# Introduction

In [None]:
"""
What? Illustrating leakage in CV
"""

# Import libraries/modules

In [11]:
import numpy as np
from sklearn.feature_selection import SelectPercentile, f_regression
from sklearn.model_selection import cross_val_score
from sklearn.linear_model import Ridge
from sklearn.pipeline import Pipeline

# Create a dataset

In [None]:
"""
Let’s consider a synthetic regression task with 100 samples and 1,000 features that are sampled independently 
from a Gaussian distribution. We also sample the response from a Gaussian distribution:
"""

In [3]:
rnd = np.random.RandomState(seed=0)
X = rnd.normal(size=(100, 10000))
y = rnd.normal(size=(100,))

In [None]:
"""
Given the way we created the dataset, there is no relation between the data, X, and the target, y (they are 
independent), so it should not be possible to learn anything from this dataset.
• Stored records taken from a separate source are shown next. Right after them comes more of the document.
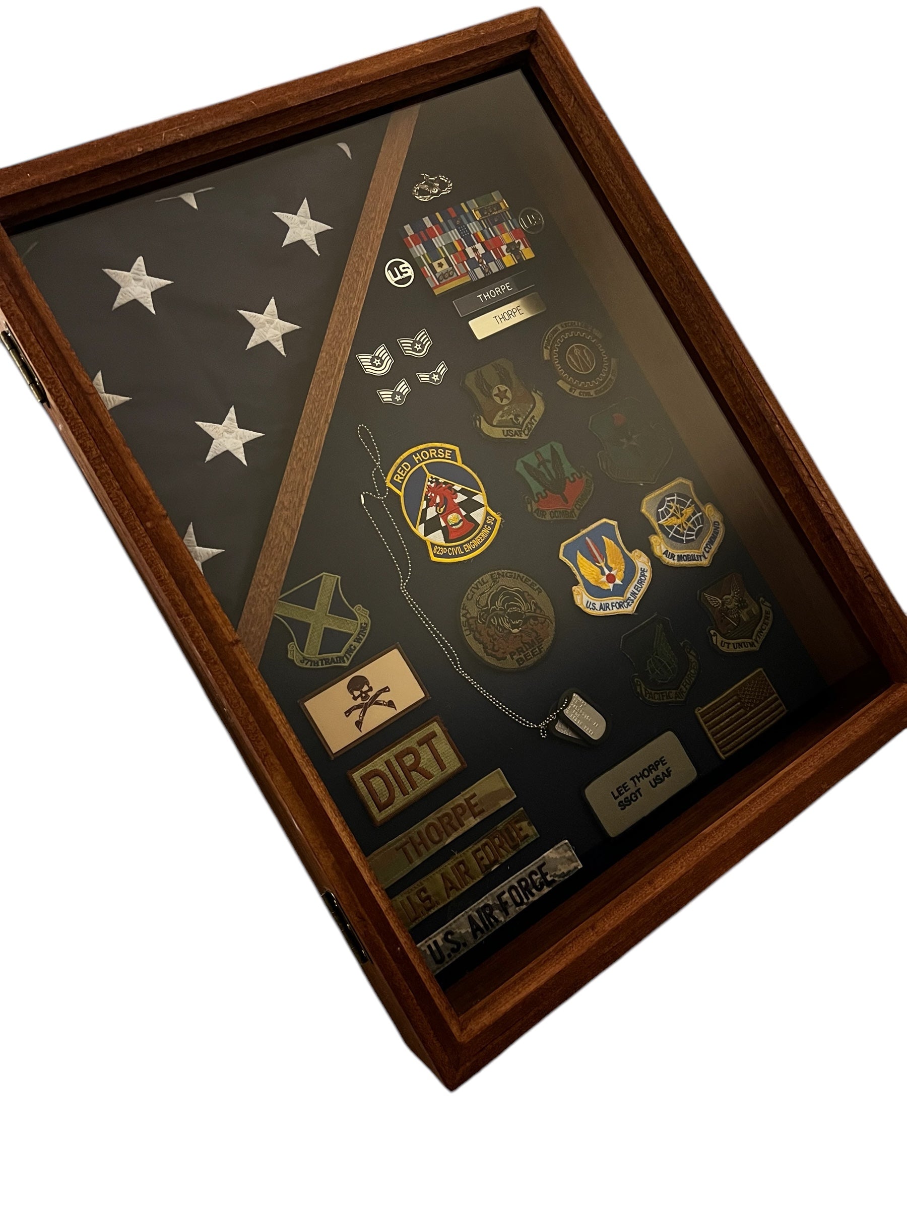 Display your military pride and honor with our Military Shadow Box. Perfectly sized for any flag, this shadow box is a beautiful way to showcase and protect your most treasured memories. A must-have for any military enthusiast. Own yours today! Please note that the flag is not provided with the box.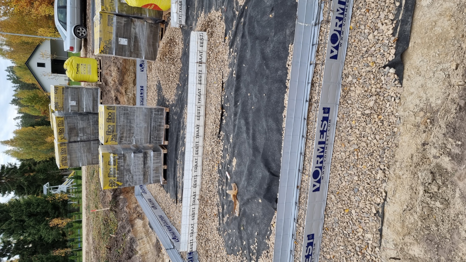 Tänaseks on vormest valatud ja oleks järgmine nädal vaja fibo 200 vundament üles laduda. 54 jm ja 4-5 kivirida (ca 550 plokki), kivid koha peale tõstetud segukott ka.
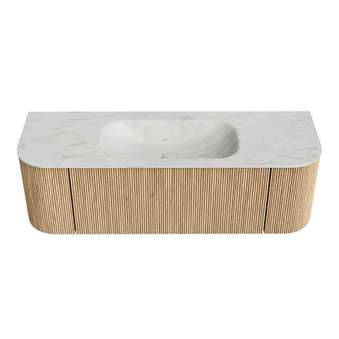 MONDIAZ KURVE-DLUX 140cm badmeubel met module 25 Len R kleur Oak met 1 lade en 2 deuren. Wastafel BIG SMALL midden zonder kraangat kleur Opalo.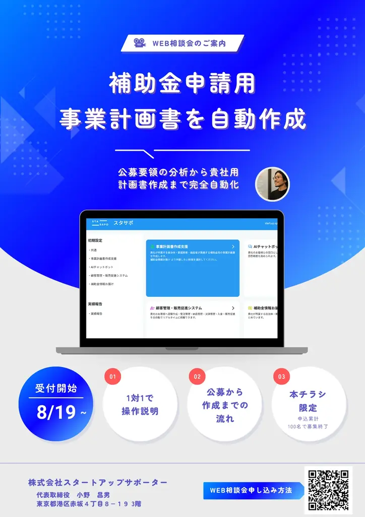 2025年8月15日 18時27分に発表されたプレスリリースによると、株式会社スタートアップサポーター(本社:東京都港区、代表取締役:小野 昌男)が提供する補助金申請用事業計画書自動作成サービス「スタサポ(STA\\SAPO)」が、IT導入補助金2025の対象ITツールとして認定されました。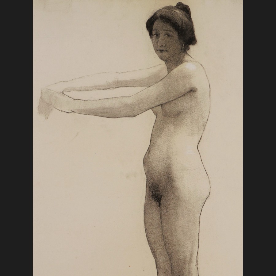 Académie de femme nue debout, les bras en avant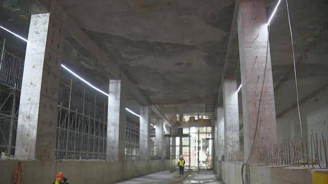 14號線工程還被賦予了“智慧力”。浦東大道站采用了大體積凍結暗挖施工工藝。另外,全線共有5個工點首次運用了封閉式工地大棚,成功解決了“聲光塵”等問題,實現綠色施工。尤其是陸家嘴站,大棚外觀針對陸家嘴整體風貌量身打造,達到與周邊環境完美融合,使整個工地幾乎“隱身”于陸家嘴摩天樓群中。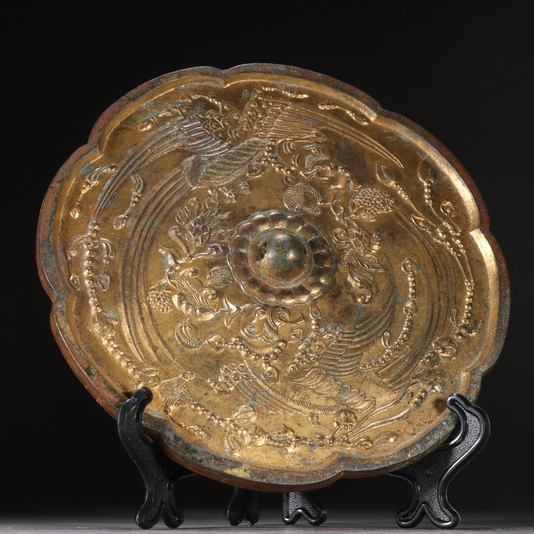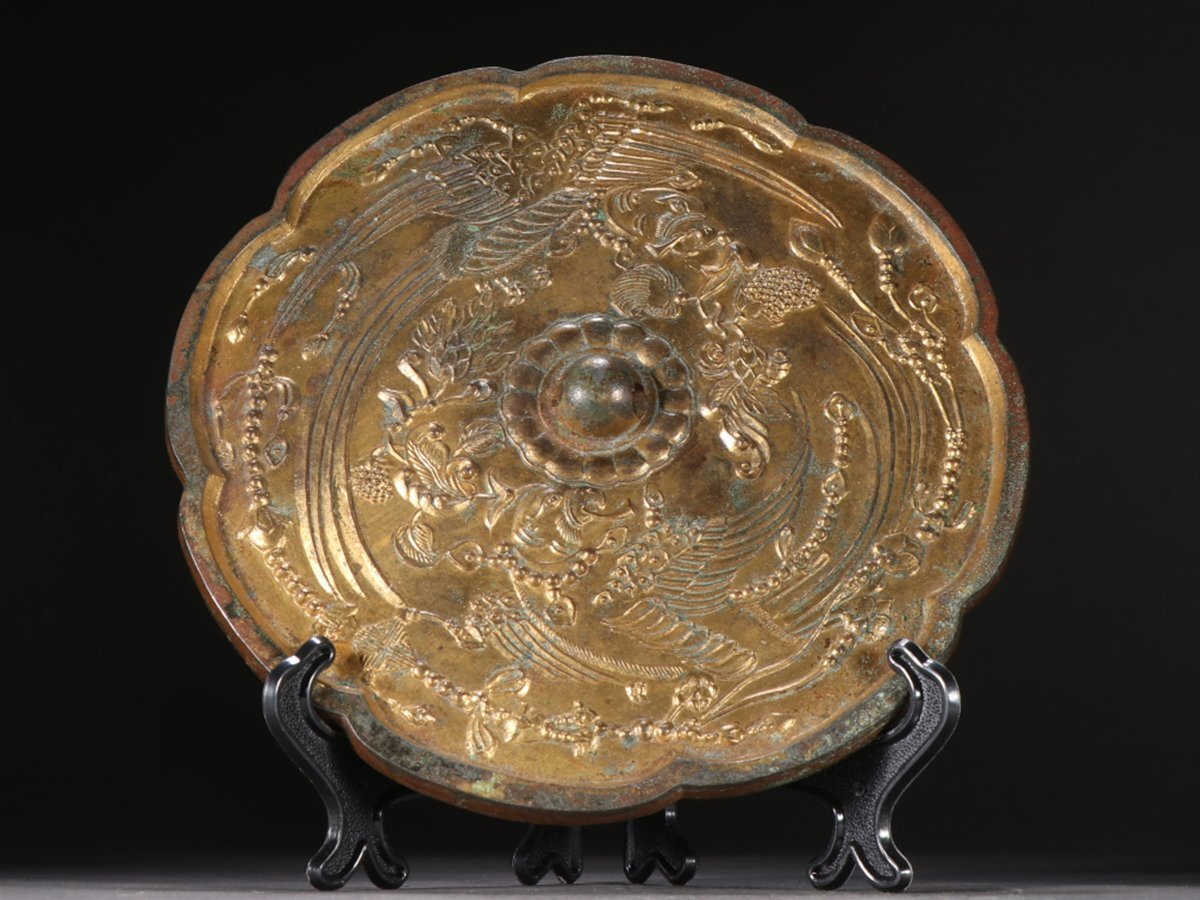 【安】唐時代 銅胎施金 鳳紋銅鏡 極細工 古置物 古擺件 中国古美術 古美味 時代物 古董品 198 サイズ(約寸) |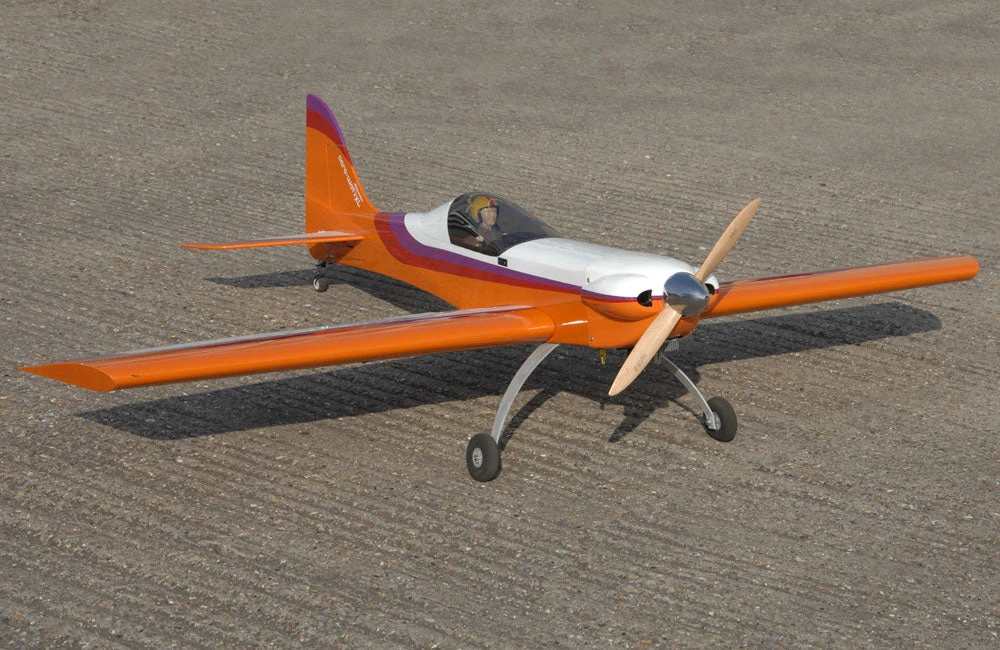 The light yet strong built-up structure is assembled from CNC cut balsa and ply components, the airframe then being covered in heat shrink film in this attractive colour scheme, the tough fibreglass cowling being carefully painted to match. The very complete kit includes all dedicated hardware, including control accessories, fuel tank, alloy undercarriage with wheels and even a high quality aluminium spinner!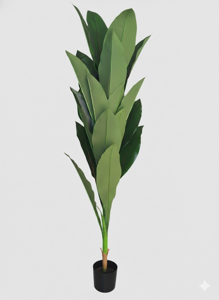 This is a beautiful artificial floor plant with tall, broad green leaves that give a fresh and natural appearance. The realistic leaf design closely resembles a real plant, adding elegance and greenery to any space. Made from high-quality materials, it is durable and long-lasting.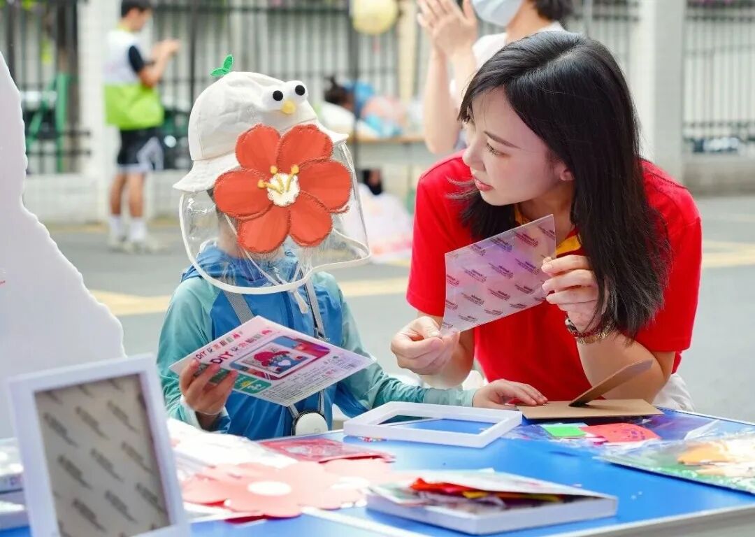 志愿者们也格外投入,有人笑着给孩子递上一沓新贴纸,有人弯下腰耐心地给孩子讲解贴画的小技巧。

We will now do the following.
HOWEVER if we are not careful ....
"""

# Leaking info in CV - WRONG APPROACH

In [None]:
"""
First, select the most informative of the 10 features using SelectPercentile feature selection, and then we 
evaluate a Ridge regressor using cross-validation:
"""

In [5]:
select = SelectPercentile(score_func=f_regression, percentile=5).fit(X, y) 
X_selected = select.transform(X)
print("X_selected.shape: {}".format(X_selected.shape))

X_selected.shape: (100, 500)


In [7]:
print("Cross-validation accuracy (cv only on ridge): {:.2f}".format(
np.mean(cross_val_score(Ridge(), X_selected, y, cv=5))))

Cross-validation accuracy (cv only on ridge): 0.91


# What has gone wrong?

In [None]:
"""
The mean R2 computed by cross-validation is 0.91, indicating a very good model. This clearly cannot be right, as 
our data is entirely random. What happened here is that our feature selection picked out some features among the 
10,000 random features that are (by chance) very well correlated with the target. Because we fit the feature 
selection outside of the cross-validation, it could find features that are correlated both on the training and 
the test folds. The information we leaked from the test folds was very informative, leading to highly unrealistic 
results
"""

# No leakage - RIGHT APPROACH

In [12]:
pipe = Pipeline([("select", SelectPercentile(score_func=f_regression,
                                                 percentile=5)), ("ridge", Ridge())]) 
print("Cross-validation accuracy (pipeline): {:.2f}".format(np.mean(cross_val_score(pipe, X, y, cv=5))))

Cross-validation accuracy (pipeline): -0.25


# Why has this approach shown the correct result?

In [None]:
"""
This time, we get a negative R2 score, indicating a very poor model. Using the pipe‐ line, the feature selection 
is now inside the cross-validation loop. This means features can only be selected using the training folds of the 
data, not the test fold. The feature selection finds features that are correlated with the target on the training
set, but because the data is entirely random, these features are not correlated with the target on the test set.
"""